Lisa: What have you observed now that you’ve had time to see how we work?

Glen: It’s been fantastic! Just the variety of programming astounds me. From family programming to rock and roll to Broadway to dance to our own programming with A Christmas Carol, it is truly, in the best of ways, all over the map. It shows in the demographic of our audience that is so varied… all ages, all walks of life. It’s fantastic to be a part of.

Lisa: You’ve also had a chance to witness the growth of our conservatory and a lot of development with the theatre district and what is sprouting up in our own neighborhood.

Glen: I’ve had the chance to visit many places around the country that have educational programs and schools and camps and conservatories, and what is going on here is really commendable. The variety of offerings and the participation is remarkable.

And just looking out the window here at the corner of Main and Federal, the tone of the neighborhood is changing visibly. It’s a testament to the leadership here… the amount of community support that has rallied around this relatively new institution.

Lisa: What are some of the exciting changes in store for our patrons here at the theatre?

Glen: As a staff, we’ve rallied around the notion of patron-centric. Everything we do, we try to look at through the lens of how it will affect our patrons. We’re looking at technology. The way our patrons buy tickets. We are embracing a mobile app called Noble where you are able to pre-order drinks and skip the line.

Lisa: Let’s talk about some of the changes that people will see especially in the fall when they go to buy tickets. We’ve been spending a lot of time looking at what seats are really in demand and how can we improve the experience for every audience member, whether there are 500 people in the building or 2,300 people in the building.

Glen: We have 10 years of data. What are the “best seats in the house”? How do they sell? When do they sell?  Beginning in the fall, the least expensive seats will no longer necessarily be in the back of the house. They will be down in the orchestra near the stage. We took a look at what our demand has been. What are the buying habits of our customers?
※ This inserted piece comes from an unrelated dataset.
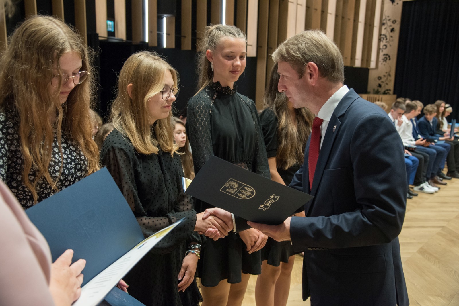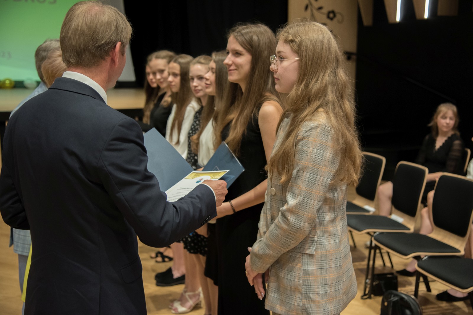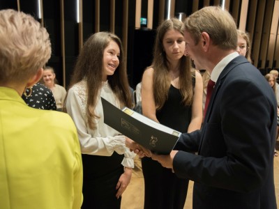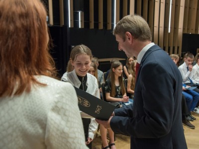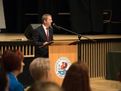 Uroczyste wręczenie stypendiów rozpoczął występ Emilii Czapiewskiej, uczennicy Szkoły Podstawowej nr 2 w Brusach. Podczas uroczystości obecni byli: Andrzej Wiecki, przewodniczący Komisji Oświaty Kultury i Sportu Rady Miejskiej, Jacek Bruski, dyrektor Gminnego Zarządu Oświaty, dyrektorzy i nauczyciele szkół podstawowych oraz rodzice i opiekunowie tegorocznych wyróżnionych absolwentów.

Lisa: We want to make sure that The Hanover Theatre is accessible for everybody. We’re very aware and conscious of different price points and are looking at the data to see how many seats we sell in each of the price zones, making sure people can buy into those less expensive seats, but rewarding people who buy early. Those seats that at other times might have gone unsold because they were at a higher price level… now if you want a lower price level and you want to be in the orchestra, you act as a loyal customer and you receive those. Once they’re gone, they’re gone. I think that’s going to be an adjustment for people, but I’m excited to be able to reward people for that loyalty for being part of our community.
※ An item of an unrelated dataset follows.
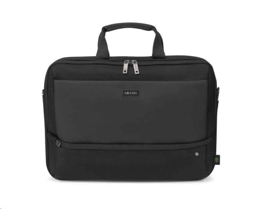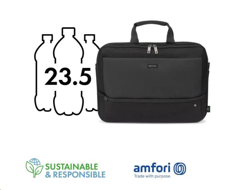 Taška Top Traveller FIVE je navrhnutá tak, aby chránila vaše zariadenie a zároveň vám umožnila jednoduchý prístup k nevyhnutnostiam. Uzamykateľná priehradka na notebook s ochranou DCT Notebook Protection a polstrovaním rohov z HDF peny a EVA zabezpečuje maximálnu bezpečnosť, zatiaľ čo integrovaná kapsa poskytuje bezpečné uloženie tabletov do veľkosti 12,9". Hlavná priehradka ponúka dostatok priestoru pre dokumenty, priečinky alebo mobilné vybavenie a predná časť obsahuje usporiadané kapsy na príslušenstvo. Malá predná kapsa poskytuje ďalší úložný priestor pre káble a menšie predmety. Vyrobené z 23,5" recyklovaných PET fliaš.

Glen: Starting next season, the “cheap” seats won’t feel “cheap.” They’ll feel like you’re right down there with everyone else. The trick is when we say act now to get the best seats at the best prices, that will be the real deal.

Lisa: When we go on sale, we’re not opening the entire house all at once. We’re putting the seats that are closest to the stage on sale first and then, as the demand builds, just like an airline, we open up more seating as we go along.

Glen: I’m really thrilled to be here and be part of this great organization and this team. Onward and upward!